Carmen lo miró muy seria. Parecía meditar lo que Salvador acababa de decir.

-No entiendo por qué mataron a Losantos. Bueno, si la muerte de Losantos tiene algo

que ver con todo este asunto…

-Tiene que tener relación. Yo no creo que existan las casualidades- afirmó Salvador.

-Vale, pero por qué lo mataron.

-¡Vete tú a saber lo que ocurriría entre ellos! A lo mejor discutieron por dinero o se fue

de la lengua o yo qué sé. El caso es que lo mataron.

-Y no tenemos ni una sola pista de quien ha sido. Lo único que tenemos es una trama

de especulación urbanística.

Salvador dio la última calada al cigarrillo y lo apagó aplastándolo contra el cenicero.

-Me tomaría otro café- dijo-. ¿Quieres?

Después de que ella negase con la cabeza, levantó la mano señalando la taza vacía y

haciendo un gesto al camarero que atendía la barra. El joven asintió y se volvió hacia la

cafetera.

-Es trabajo que se han tomado- dijo Carmen- para llevarse el centro comercial fuera de

la ciudad y poder destinar el campo de fútbol a espacio verde. ¿Va mucha gente al fútbol los

domingos?

Salvador torció la boca.

-No-dijo-. No demasiada. No se puede decir que la situación del equipo sea muy

boyante. Pero va la suficiente como para que se hubiera liado una muy gorda.

-¿Te imaginas que se hubiera hundido una grada? Si hay un informe que dice que

estaba en situación de ruina, podía haber ocurrido cualquier día. Habría sido tremendo.

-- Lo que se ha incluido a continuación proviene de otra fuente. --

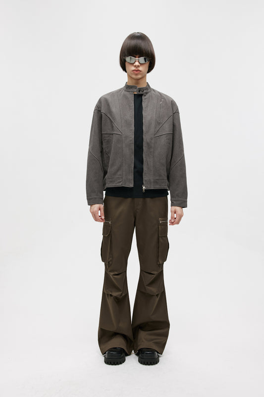 Washed Damaged Stand Collar Jacket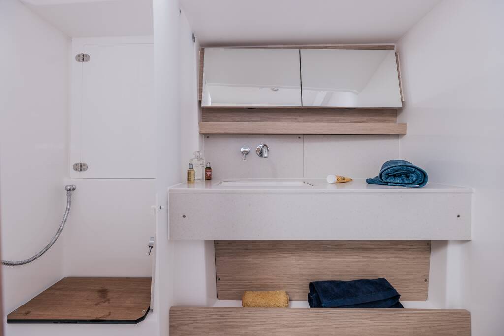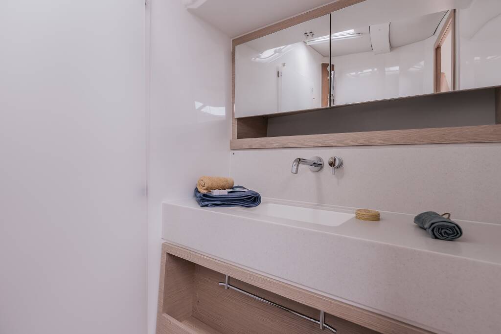 Segelyacht Dufour 470 Galeo, Baujahr 2024, liegt im St. Raphael, Provence-Alpes-Côte d'Azur, Frankreich vor Anker. Es verfügt über 3 Kabinen und bietet Platz für 6 + 2 Personen mit 3 Toiletten.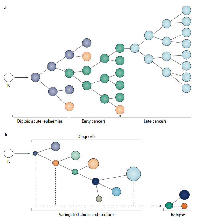肿瘤克隆进化模型(clonal evolution model)的发现,是癌症研究一个划时代的里程碑。这个模型的建立,将癌症研究推向了动态的过程。简单来说,肿瘤克隆进化模型认为,肿瘤起源于正常细 胞,细胞突变产生了异常的后代,后代细胞又发生突变形成了大量的变异肿瘤细胞。(下图a)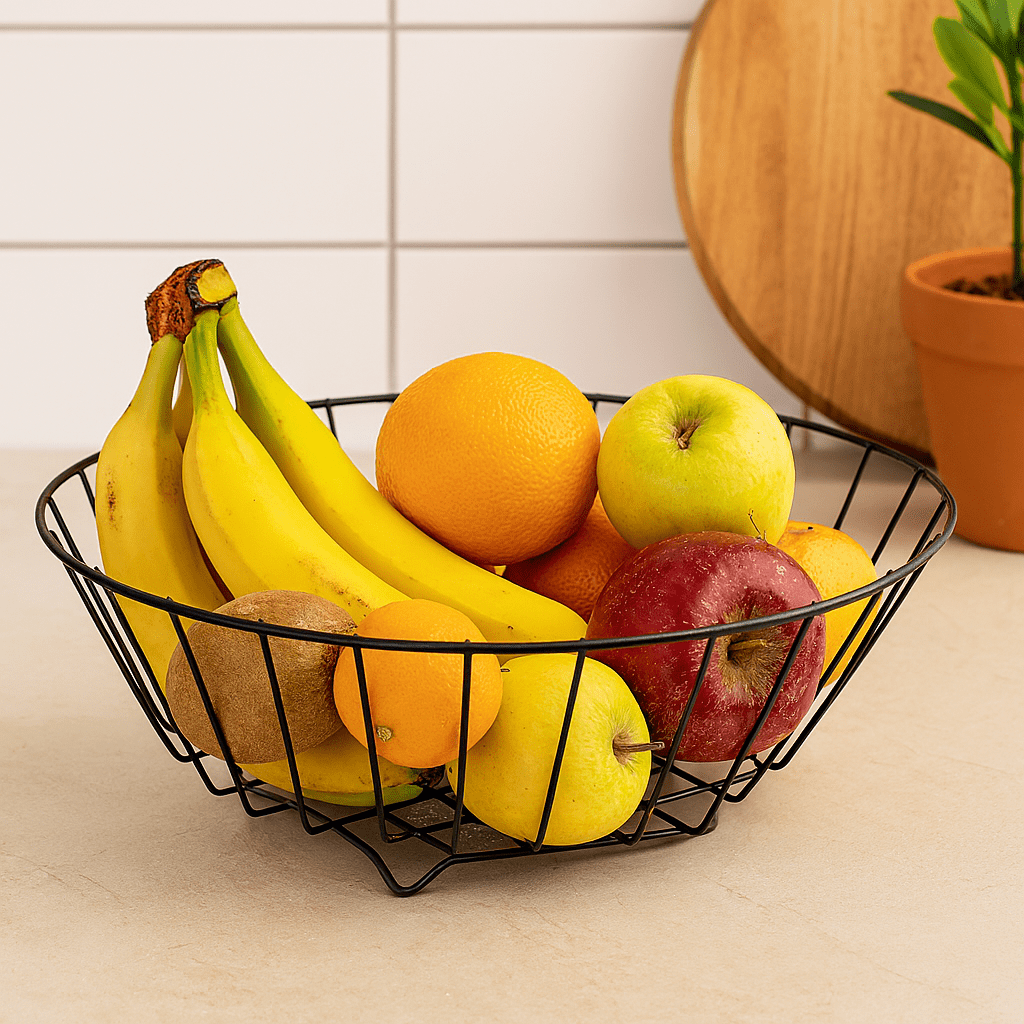 - Ventilação Ideal: Estrutura aramada que promove a circulação do ar, mantendo as frutas frescas por mais tempo.

-Si el informe es cierto, sí. Y supongo que lo será. He estado pensando y se me ha

ocurrido que quien firmó el informe a lo mejor se llama Eduardo Aceves ¿te suena el nombre?

Eduardo Aceves. Claro que le sonaba, era uno de los propietarios de la fundición.

-Claro. ¿Lo firma él?

-No lo sé, pero lo podría firmar. Por lo menos es arquitecto. De eso sí me he enterado.

-Hijos de puta- exclamó Carmen.

-De todos modos es un riesgo calculado. Especulas, no vas al fútbol y te conformas

con la televisión.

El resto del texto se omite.